Imiris demeura silencieuse, fâchée avec la description que lui avait donné Théophile. Soudain, ils sursautèrent en entendant un éclat : c'était Yuki, elle riait :

- Très juste félinien, très juste ! Je ne suis qu'une âme amère et rancunière, très bonne analyse, mais je ne crois pas que ta compagne et moi soyons tout à fait les mêmes ; contrairement à moi, elle croit que votre plan futile va marcher.

- Faux ! la contredit la concernée. Il n'y a que très peu de chances que ce plan marche, mais je n'ai aucune envie de mourir prématurément à cause de quelque chose hors de mon contrôle. J'ai des choses à faire avant.

- Des comptes à rendre ? Hm hm, le chat avait raison alors, ricana la dragonne.

- Et vous, vous ne voulez pas vous venger d'Ungura ? la questionna la femme glaciale. Si Théophile a bien raison et nous sommes les mêmes, à votre place, je voudrais voir ce salaud payer de qu'il m'avait fait. Si vous ne voulez pas le faire vous-même, laissez-nous le faire.

La bête considéra la proposition un moment.

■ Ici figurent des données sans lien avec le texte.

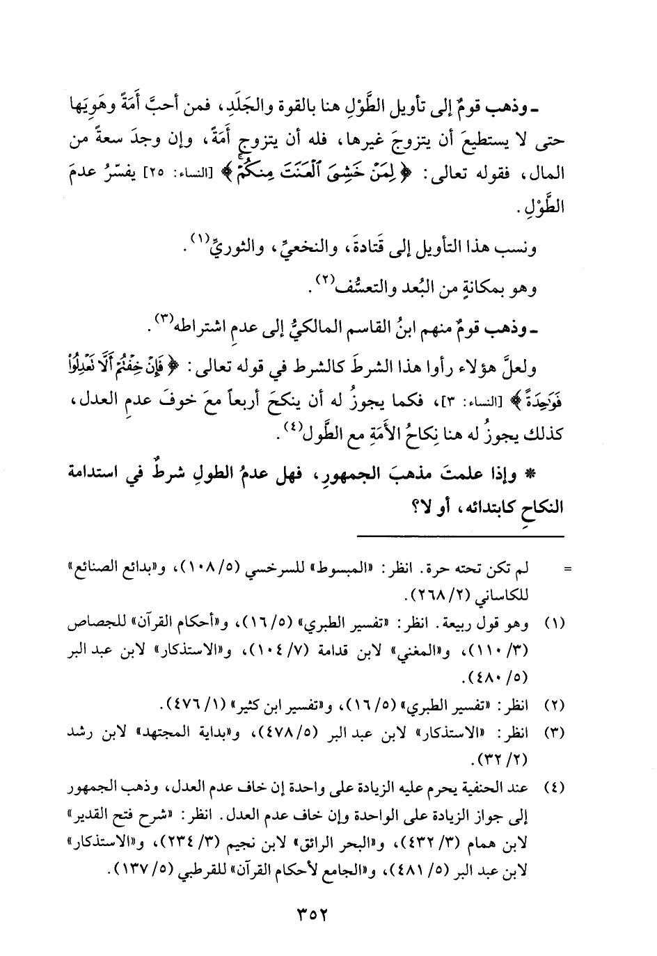 ولعلَّ هؤلاء رأوا هذا الشرطَ كالشرط في قوله تعالى: {فَإِنْ خِفْتُمْ أَلَّا تَعْدِلُوا فَوَاحِدَةً} [النساء: 3]، فكما يجوزُ له أن ينكحَ أربعاً معَ خوفَ عدمِ العدل، كذلك يجوزُ له هنا نِكاحُ الأَمَةِ مع الطَّول (¬4).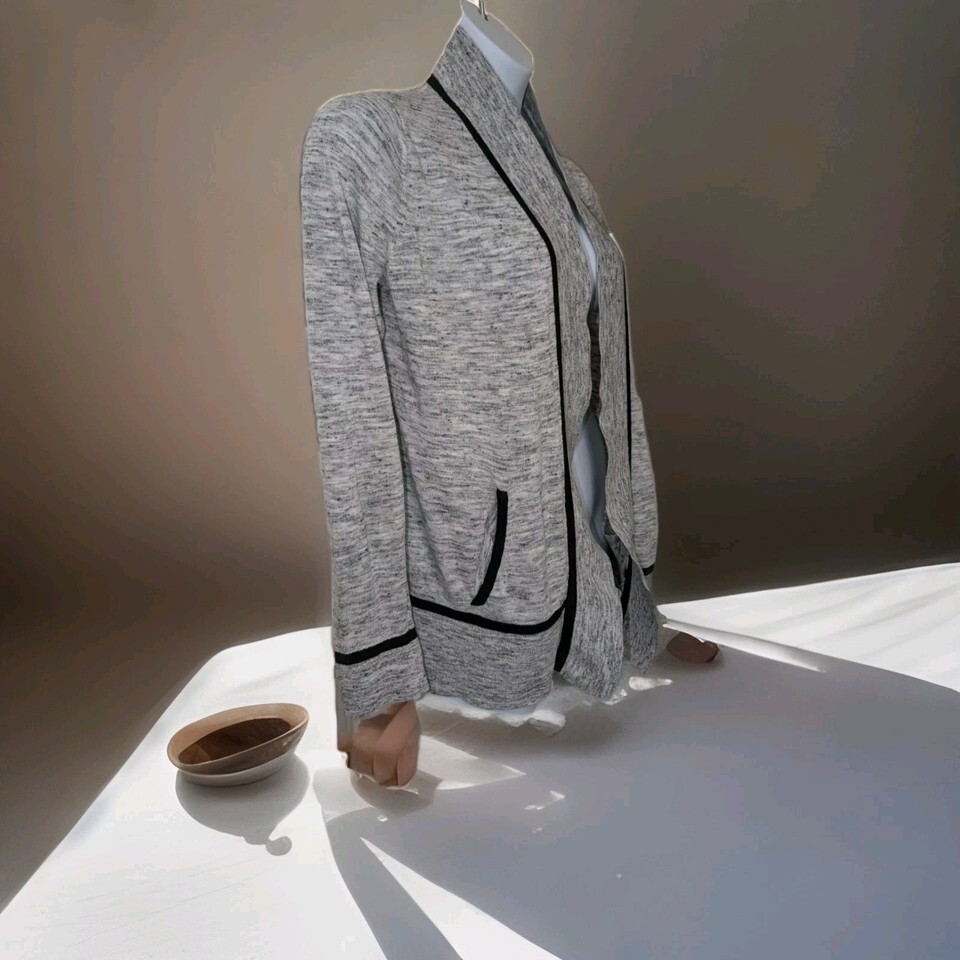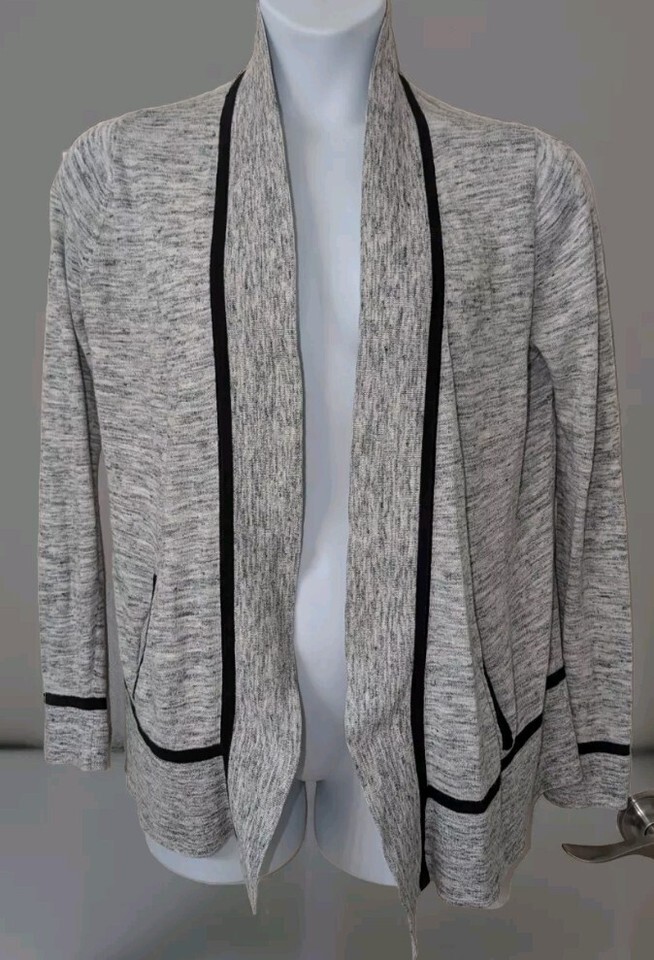 LOU GREY Sweater Medium Open Front Cardigan Long Sleeve Cotton Gray. Condition is Pre-owned. Shipped with USPS Ground Advantage.

- La possibilité de vengeance, et éventuellement une fin du monde, appuya la fée.

- Bien... soupira l'animal reptilien. Prenez-en une, et partez.

Aussitôt, Théophile en prit une qui était par terre près d'une griffe aussi grande que lui et la mit dans la poche intérieure de sa cape.

- Merci beaucoup.

- Allez vous en avec votre gratitude, ce n'est que l'attente de futures faveurs qui ne viendront pas.

Le duo fit vote-face et abandonna Yuki. Avant qu'ils ne puissent quitter la grotte, sa voix les rattrapa avec une dernière demande :

- Dites à Camélia que je suis morte.